Brennan’s data revealed that the long-term average nitrogen uptake by rye and mustard did not differ significantly (98 and 102 pounds of nitrogen per acre, respectively). But the legume-rye mix accumulated 135 pounds of nitrogen per acre, possibly due to nitrogen fixing by the legumes.
Farmers often rate the quality of cover crop residue by its carbon/nitrogen ratio. “High-quality” residues have lower carbon/nitrogen ratios, so the residue decomposes more quickly and may provide nitrogen to the cash crops that follow.
But during wet spring periods, nitrogen that has been rapidly released by these residues may also leach below the root zone more easily.

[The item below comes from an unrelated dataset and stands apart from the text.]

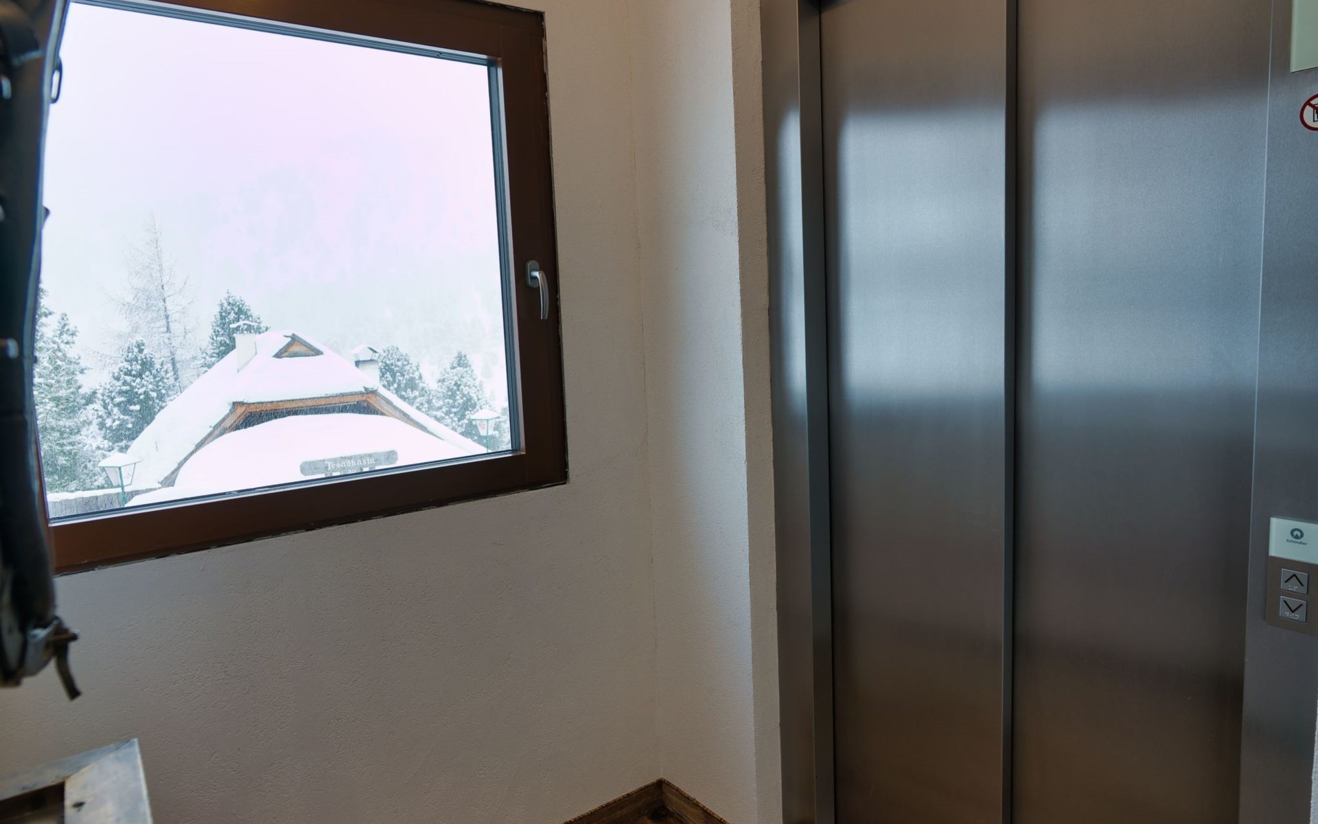 Zwischen den beiden Schlafzimmern befindet sich eine weitere Wohnungstüre, von wo man ebenfalls ins Stiegenhaus und Lift kommt. Somit kann man das Gepäck über den Lift in die Wohnung bringen und muss nicht über die Wendeltreppe gehen.

On the other hand, “low-quality” residues with high carbon/nitrogen ratios may temporarily deplete soil nitrogen, as organisms use it to break down the residue.
Brennan determined that cover crop carbon/nitrogen ratios increased through the winter and were always higher in rye than in the other two cover crops. Slower decomposition of low-quality rye residues could use more soil nitrogen than the decomposition of the other two cover crops and might reduce the amount of nitrogen available to the cash crops.
The scientist also used his data on carbon/nitrogen crop ratios and cover crop dry matter production to calculate that cover crop contributions to soil carbon levels would be around 30 percent greater for rye and the legume-rye mixture—1.4 tons per acre—than for mustard, which only added 1.1 ton of carbon per acre.
The Price To Pay
Brennan concluded that rye and mustard planted at typical seeding rates were the most cost-effective cover crops for maximizing dry matter production and weed control.
Planting 80 pounds of rye seed would cost $28 per acre, while planting 10 pounds of mustard seed would cost $30 per acre. Seed costs for planting a legume-rye mix at the three times the typical rate—125 pounds per acre, the level needed for good winter weed suppression—was nearly10 times more, at $275 per acre.
But on the plus side, the legumes can help fix nitrogen in the soil. “Farmers have to decide if it’s worth the extra cost to plant a legume-rye cover crop, which might contribute more nitrogen for the next crop, or if it makes sense to use more pelleted organic fertilizer made from chicken litter and protein meals instead,” Brennan explains.
“These findings can help farmers in high-value vegetable production systems figure out where to spend their money,” he concludes. “And as in conventional cropping systems, cover crops can help organic producers improve their environmental footprint with sustainable practices that help reduce soil nitrogen losses—an issue that is becoming increasingly important for agricultural producers.”
Some of these findings have appeared in Agronomy Journal and Applied Soil Ecology.